### [Task to complete]
Please transcribe exactly the lines from the first line of the records below through the line containing "Embroidered Organza Dupatta The", including both, and omit all pictures.

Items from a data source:
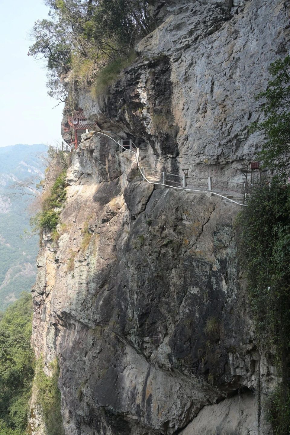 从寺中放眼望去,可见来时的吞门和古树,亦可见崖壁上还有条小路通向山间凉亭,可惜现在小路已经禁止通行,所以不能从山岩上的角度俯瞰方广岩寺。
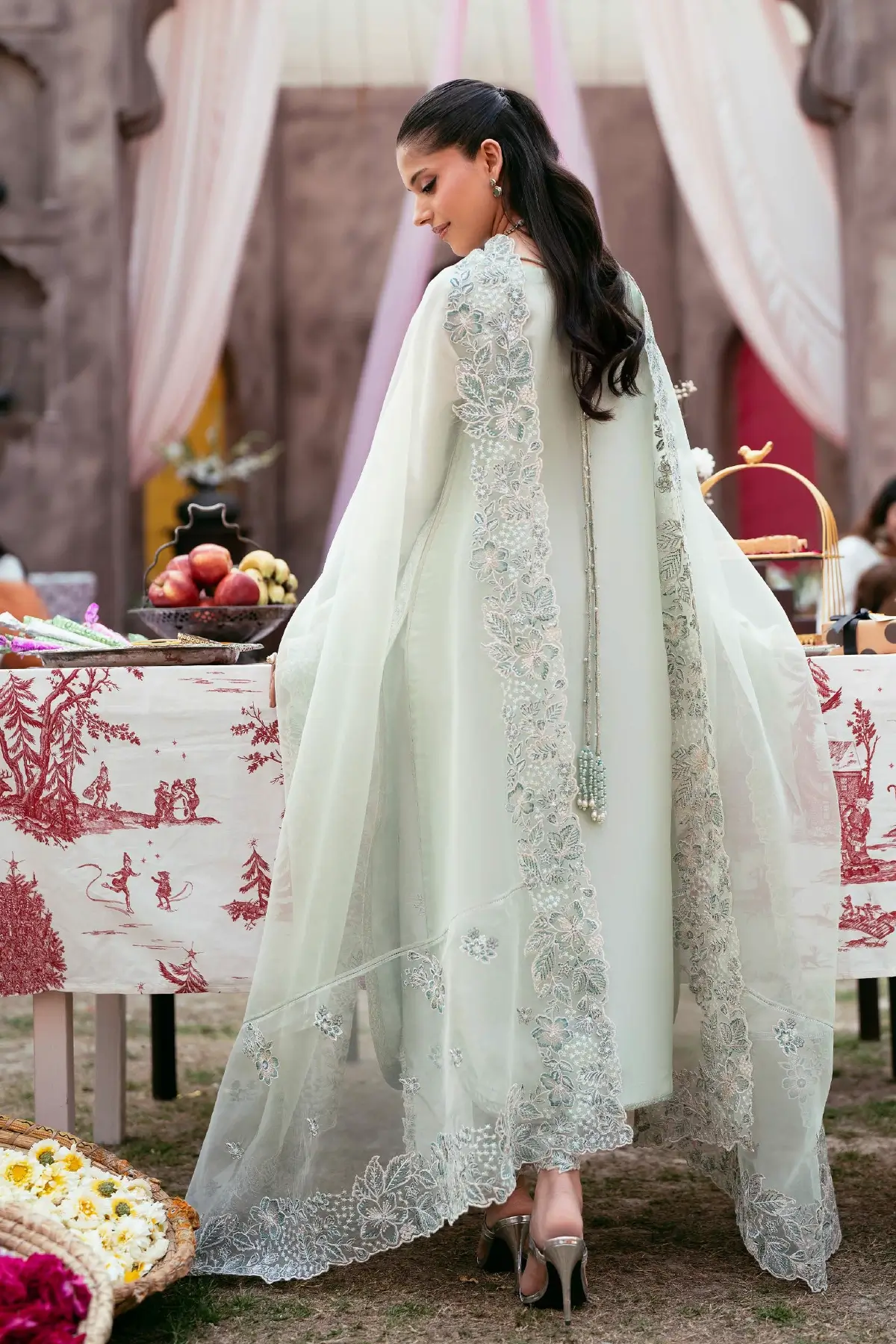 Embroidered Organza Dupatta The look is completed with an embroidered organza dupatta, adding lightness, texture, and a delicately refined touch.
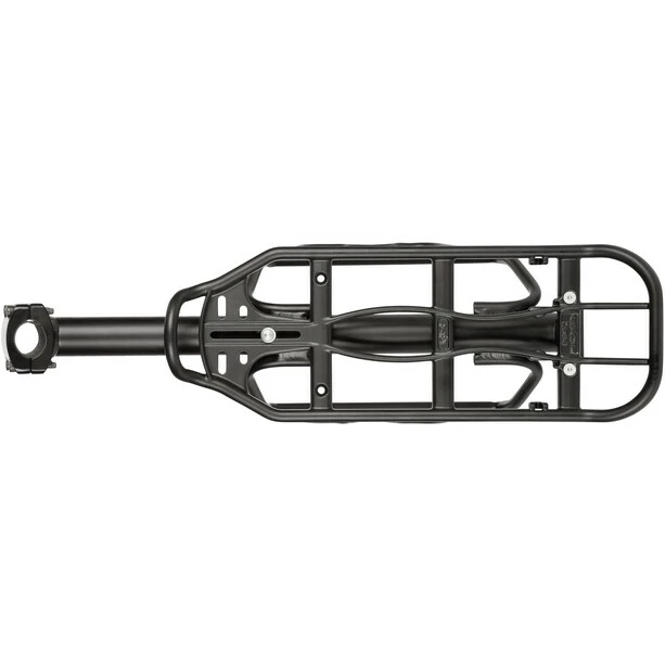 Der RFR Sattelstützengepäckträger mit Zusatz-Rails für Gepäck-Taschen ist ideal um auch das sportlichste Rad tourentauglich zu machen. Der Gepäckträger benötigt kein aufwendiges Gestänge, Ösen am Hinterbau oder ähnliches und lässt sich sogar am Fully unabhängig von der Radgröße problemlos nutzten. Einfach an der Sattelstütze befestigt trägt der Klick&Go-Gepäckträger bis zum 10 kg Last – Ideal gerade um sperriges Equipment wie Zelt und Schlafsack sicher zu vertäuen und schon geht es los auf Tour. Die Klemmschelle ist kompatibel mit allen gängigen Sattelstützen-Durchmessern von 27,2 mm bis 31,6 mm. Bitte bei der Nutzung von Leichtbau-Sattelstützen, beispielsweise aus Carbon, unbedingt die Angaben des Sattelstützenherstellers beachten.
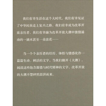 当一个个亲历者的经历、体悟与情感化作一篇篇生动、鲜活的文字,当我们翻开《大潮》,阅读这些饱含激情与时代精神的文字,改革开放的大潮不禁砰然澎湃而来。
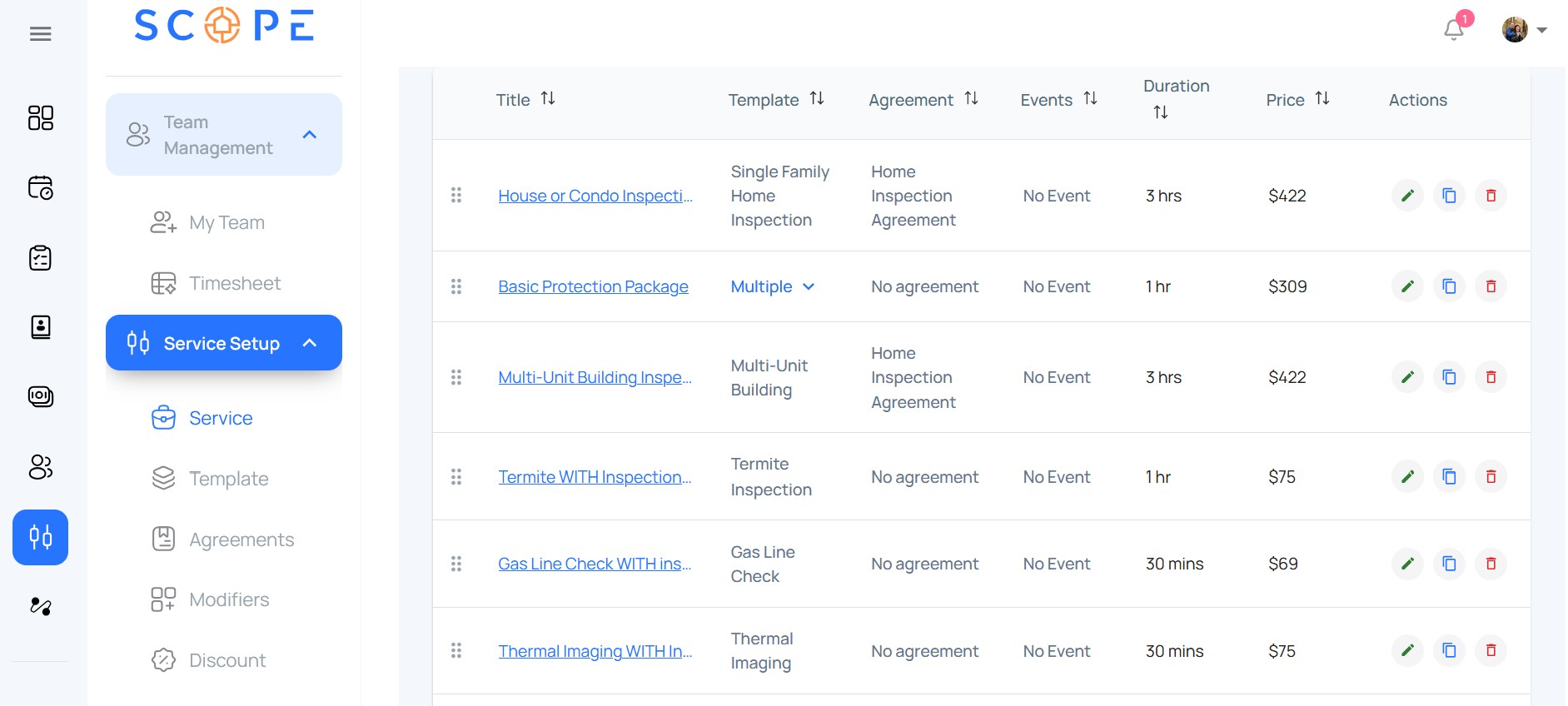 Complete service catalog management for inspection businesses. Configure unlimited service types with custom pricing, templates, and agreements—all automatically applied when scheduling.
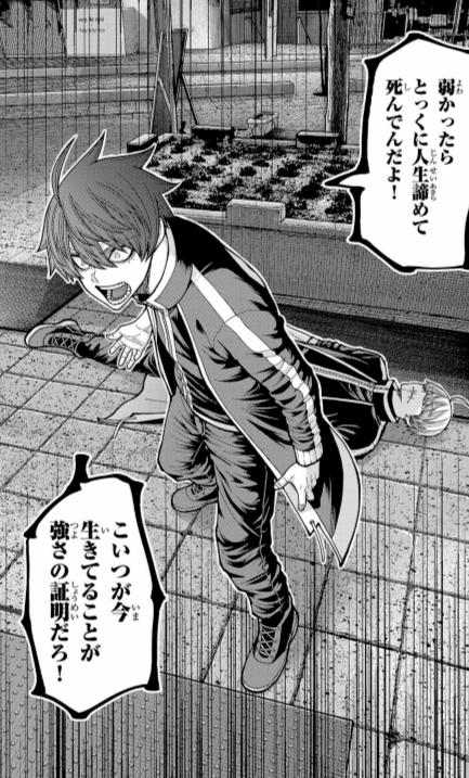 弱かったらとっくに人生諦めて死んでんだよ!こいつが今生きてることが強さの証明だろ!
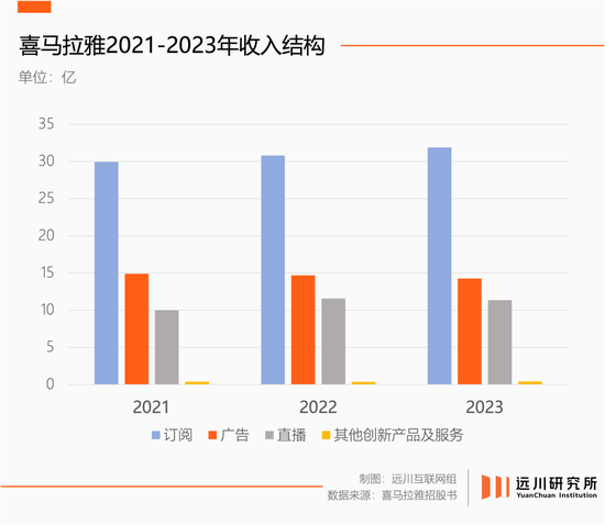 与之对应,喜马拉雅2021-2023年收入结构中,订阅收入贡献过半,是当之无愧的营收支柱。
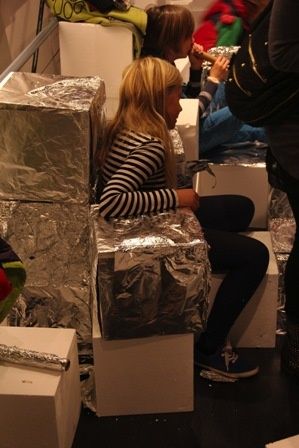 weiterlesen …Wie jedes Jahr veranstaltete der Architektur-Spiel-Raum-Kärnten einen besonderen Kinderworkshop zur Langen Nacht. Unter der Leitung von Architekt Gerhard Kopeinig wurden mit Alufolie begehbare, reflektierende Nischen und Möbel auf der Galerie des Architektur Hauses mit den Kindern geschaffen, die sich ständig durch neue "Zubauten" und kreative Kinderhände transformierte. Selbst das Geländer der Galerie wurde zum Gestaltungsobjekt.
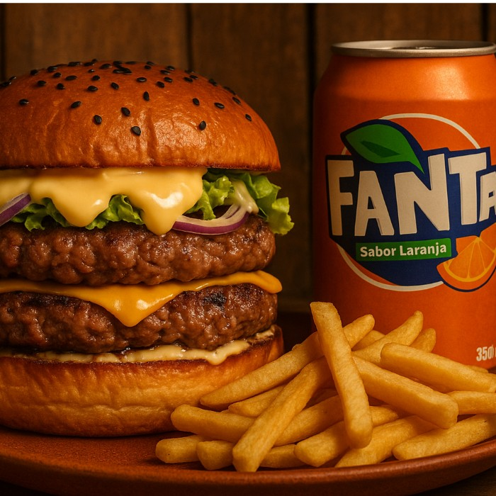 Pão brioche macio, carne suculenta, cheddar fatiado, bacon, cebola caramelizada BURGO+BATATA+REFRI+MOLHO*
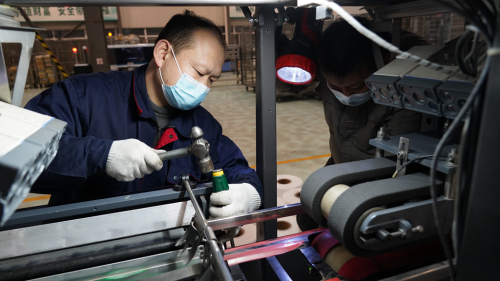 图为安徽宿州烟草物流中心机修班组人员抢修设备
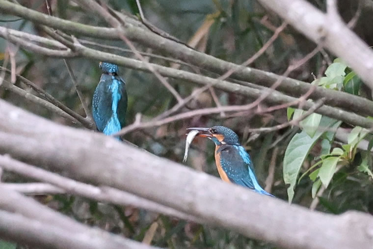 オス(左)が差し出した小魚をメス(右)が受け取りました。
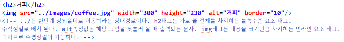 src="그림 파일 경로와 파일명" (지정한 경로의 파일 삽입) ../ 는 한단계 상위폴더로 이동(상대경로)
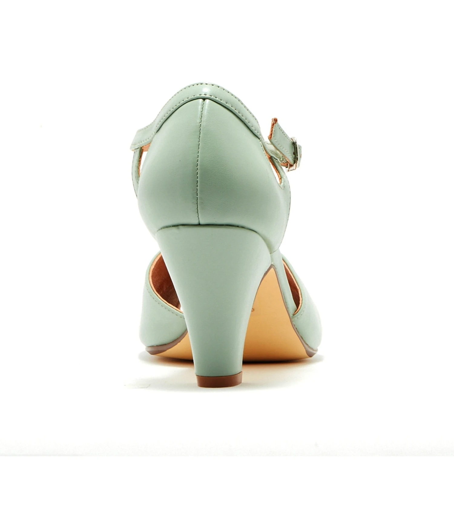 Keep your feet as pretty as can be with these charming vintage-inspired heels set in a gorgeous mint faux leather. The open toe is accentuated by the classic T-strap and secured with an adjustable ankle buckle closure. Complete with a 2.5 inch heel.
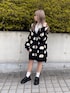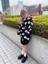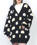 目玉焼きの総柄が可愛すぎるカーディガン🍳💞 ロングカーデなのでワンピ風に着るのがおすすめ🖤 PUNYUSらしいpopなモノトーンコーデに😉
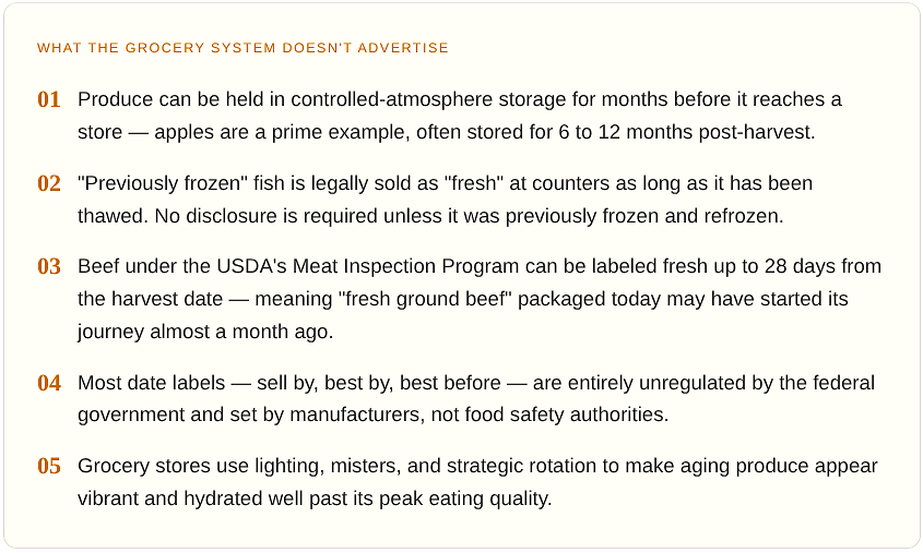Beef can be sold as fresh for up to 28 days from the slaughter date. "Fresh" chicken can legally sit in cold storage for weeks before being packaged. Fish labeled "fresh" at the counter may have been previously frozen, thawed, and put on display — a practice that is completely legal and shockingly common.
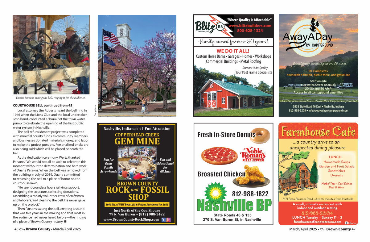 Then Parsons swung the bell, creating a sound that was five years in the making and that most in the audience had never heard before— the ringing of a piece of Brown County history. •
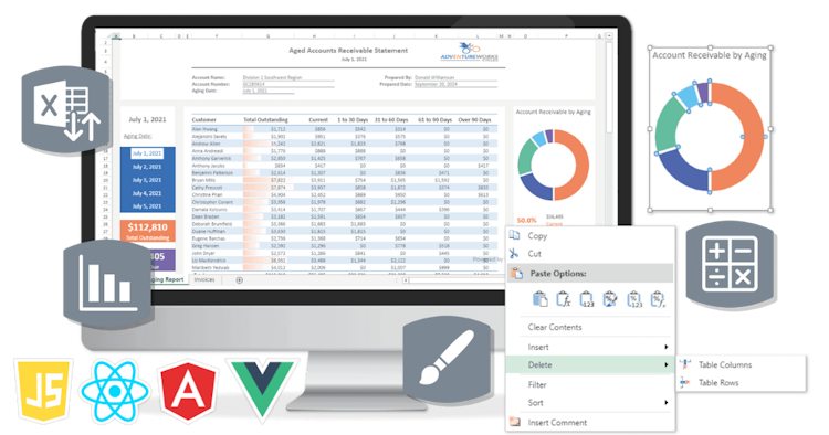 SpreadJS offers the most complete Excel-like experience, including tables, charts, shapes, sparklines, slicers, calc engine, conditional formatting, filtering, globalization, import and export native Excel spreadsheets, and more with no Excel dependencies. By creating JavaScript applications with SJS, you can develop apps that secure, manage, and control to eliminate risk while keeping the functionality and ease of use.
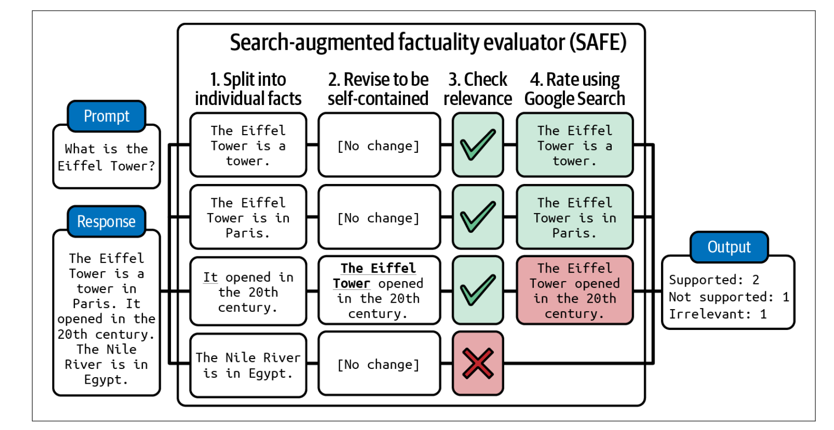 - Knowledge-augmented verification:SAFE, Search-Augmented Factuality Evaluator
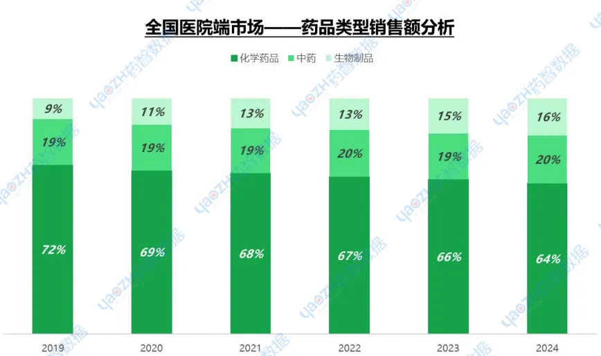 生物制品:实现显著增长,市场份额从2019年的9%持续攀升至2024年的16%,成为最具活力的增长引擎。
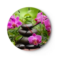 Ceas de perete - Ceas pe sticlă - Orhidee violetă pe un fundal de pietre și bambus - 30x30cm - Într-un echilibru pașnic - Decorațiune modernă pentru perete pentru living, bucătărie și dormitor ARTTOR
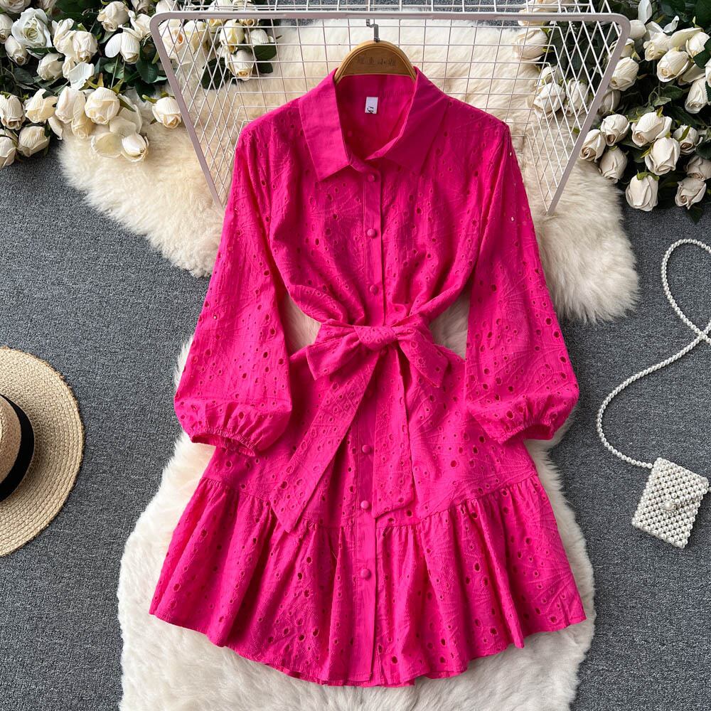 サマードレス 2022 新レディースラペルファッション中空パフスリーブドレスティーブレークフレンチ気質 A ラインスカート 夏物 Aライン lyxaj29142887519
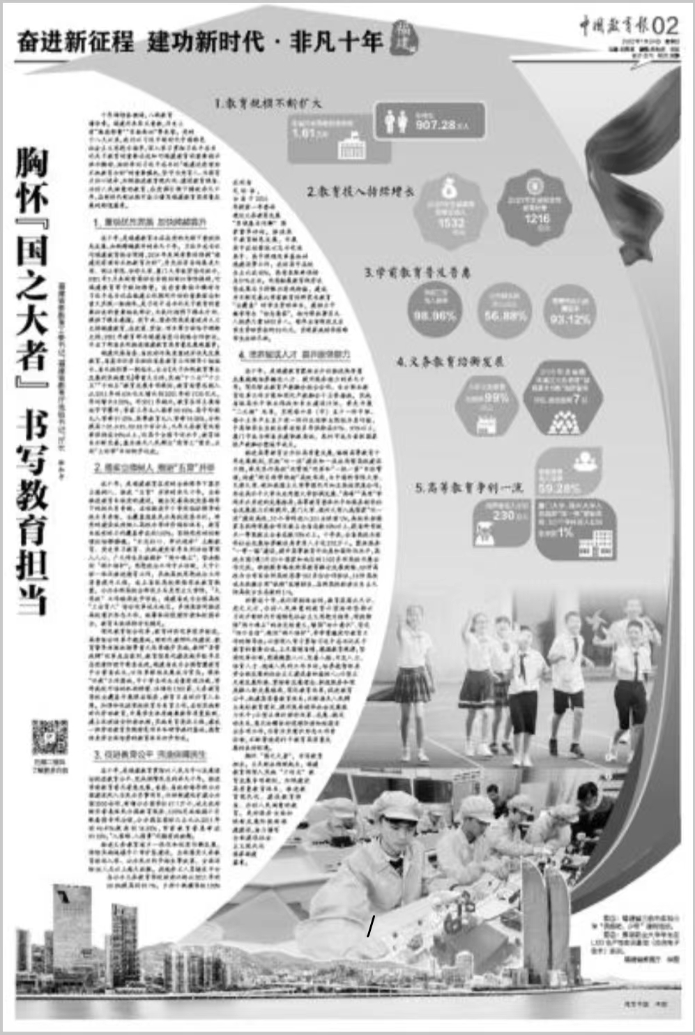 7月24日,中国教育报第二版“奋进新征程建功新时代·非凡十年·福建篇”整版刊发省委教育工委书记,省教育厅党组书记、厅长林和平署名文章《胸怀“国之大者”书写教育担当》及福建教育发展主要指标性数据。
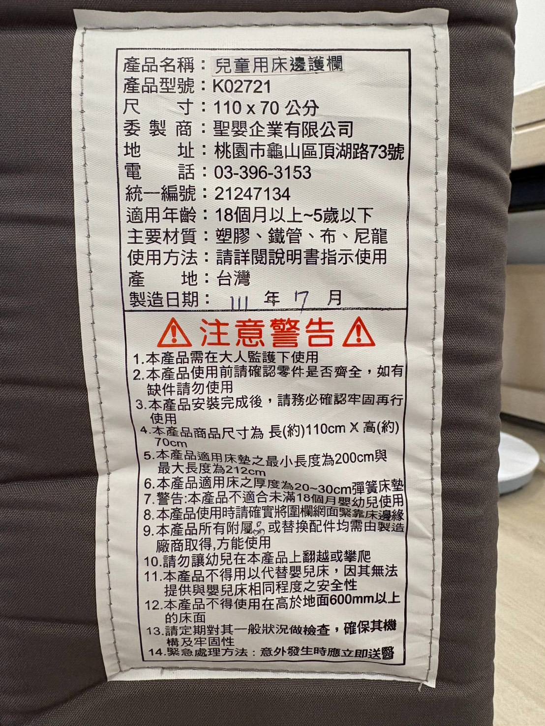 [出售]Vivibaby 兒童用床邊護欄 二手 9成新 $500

### [Problem solution]
 从寺中放眼望去,可见来时的吞门和古树,亦可见崖壁上还有条小路通向山间凉亭,可惜现在小路已经禁止通行,所以不能从山岩上的角度俯瞰方广岩寺。
 Embroidered Organza Dupatta The look is completed with an embroidered organza dupatta, adding lightness, texture, and a delicately refined touch.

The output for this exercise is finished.